Not really. He's right. The memory, paging and protection model for X86 is fugly at best. It's very easy to hang yourself as demonstrated.
You can be as insulting as you like if you compare X86 (and X86-64) to SPARC and POWER which is what I assume he is doing here considering he provides operating systems for multiple architectures. We're talking about an architecture that started with the 8086 and despite changes to the underlying microcode architecture, the front end ISA and system interface is still plagued with poorly designed extensions hacked on.
Regarding virtualization, any sharing of resources, particularly at a hardware level is an attack vector if not implemented correctly. Whether or not it is implemented correctly or is exploitable is merely a matter of time and effort as demonstrated here. That is unless mathematically verified, which it isn't and based on the evolved x86 architecture probably isn't possible so it can't be more secure and is unlikely to be as secure. That leaves only less secure.
I implement high-performance software systems in C++ as my day job. The software has to compile and run on Linux, Solaris, and AIX. The same code is 2x slower on AIX (Power) and 3x-5x slower on Solaris (Sparc) than on Linux (x86). So say whatever you want about theoretical differences in architectures, but in the real world Sparc and Power systems are absolutely not competitive, both on price (absolute $$, and per CPU) and performance (per CPU - they do have more cpu cores, usually).
That's just a circular way of saying "x86 is more popular, therefore better." Which doesn't address the person aboves' point that x86 is inferior in terms of its design.
Of course x86 is going to be faster per dollar spent. One is mass market (x86-64) and the other two are hugely niche (Sparc and Power). Plus the Linux kernel has by far the most human-hours spent on its development relative to every other operating system in the world.
There's also a reason why some of x86's market share has been eaten up by ARM. Moving from x86 to ARM was hugely expensive by all measures, but it was worthwhile because x86 was so wasteful.
It's not just "x86 is more popular, therefore better." It's that the performance of x86 was better than SPARC or Power. Regardless of the cost of the chip, performance is what is really important here. In some instances, performance per watt is more important, but either way... it's performance that's key, not market forces driving cost savings.
I haven't had much experience with SPARC, but I've done some work on Power systems (long ago). Back then (10-ish years ago), Power chips were more powerful than their x86 contemporaries. But at some point, that relationship switched.

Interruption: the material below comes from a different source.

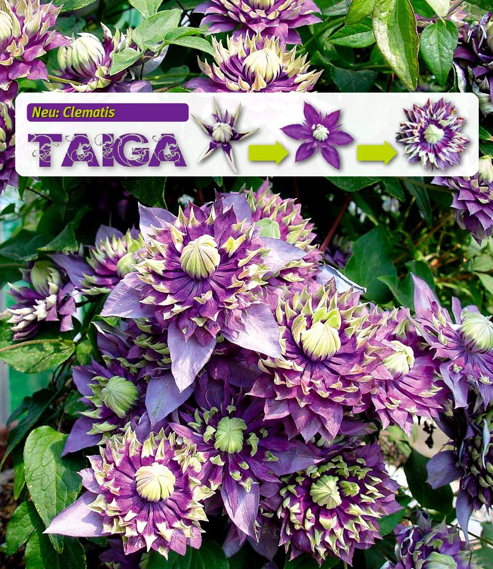 Die brandneue Raritäten-Clematis Taiga® hat besonders raffinierte, auffällig schöne Blüten! Die handtellergroßen Blüten der Pflanze entwickeln sich in 3 Stufen bis hin zur vollgefüllten Blüte. Ein echtes Schauspiel in Ihrem Garten. Über viele Monate im Jahr erscheinen an der Clematis Taiga® neue Blüten und verzieren das grüne Blattlaub. Diese idealen Kletterpflanzen, auch Waldreben genannt, sorgen mit den purpur-violett-grünen Blüten für einen Eyecatcher im Beet & Kübel.
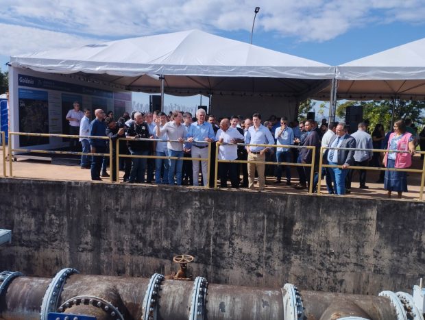 O governador do Goiás, Ronaldo Caiado (UB), inaugurou nesta sexta-feira, 8, no Centro de Reservação Vila Cristina, em Goiânia, novas obras de abastecimento de água e esgotamento sanitário da Saneago. O Governo de Goiás, por meio da Saneago, vai investir R$ 139,3 milhões, nestas obras, para ampliar e reforçar os serviços na capital. Em seu discurso, Ronaldo Caiado reforçou o compromisso de levar água de boa qualidade para todas as cidades de Goiás e de fortalecer ainda mais os serviços da Saneago.

However, I wonder how much of this is the chip, and how much is the tooling. Its been awhile since I've needed to think about C/C++ compiling, but from what I remember, the Intel compiler produced (slightly) faster binaries than gcc. Now this is where popularity could prove to be decisive... if the compiler that the OP uses works for x86, SPARC, and Power, how much do you suspect each of those architectures has been optimized? Even if the non-x86 chip itself is capable of running faster than x86, if the toolchain isn't similarly optimized, they could end up having worse performance.
It might well be fugly but it works. That's the key point.
I'm sure Intel (or anyone else), if they could develop x86 again from scratch, and with the benefit of hindsight, would create a much nicer mechanism. But that's just speculation and wishful thinking.
Haven't they? I thought x86 was now basically just a legacy compatibility layer on top of significantly more streamlined and optimized RISC-like operations.
(Compared to, running the same software on the same hardware using a single OS). I don't think so.
If you had been running an OpenBSD instance on hardware as a single OS, you would not be vulnerable to having your system's memory read by this hypervisor bug. So... yes.
I'll take the world where we have the odd hypervisor vulnerability over the world where we have to increase power output by multiple orders of magnitudes and pave the planet with datacentres to run every service as a single-instance, non-virtualised server.
I guess Theo prefers runaway global warming to the odd data breach. Which makes him the idiot, to use his own language.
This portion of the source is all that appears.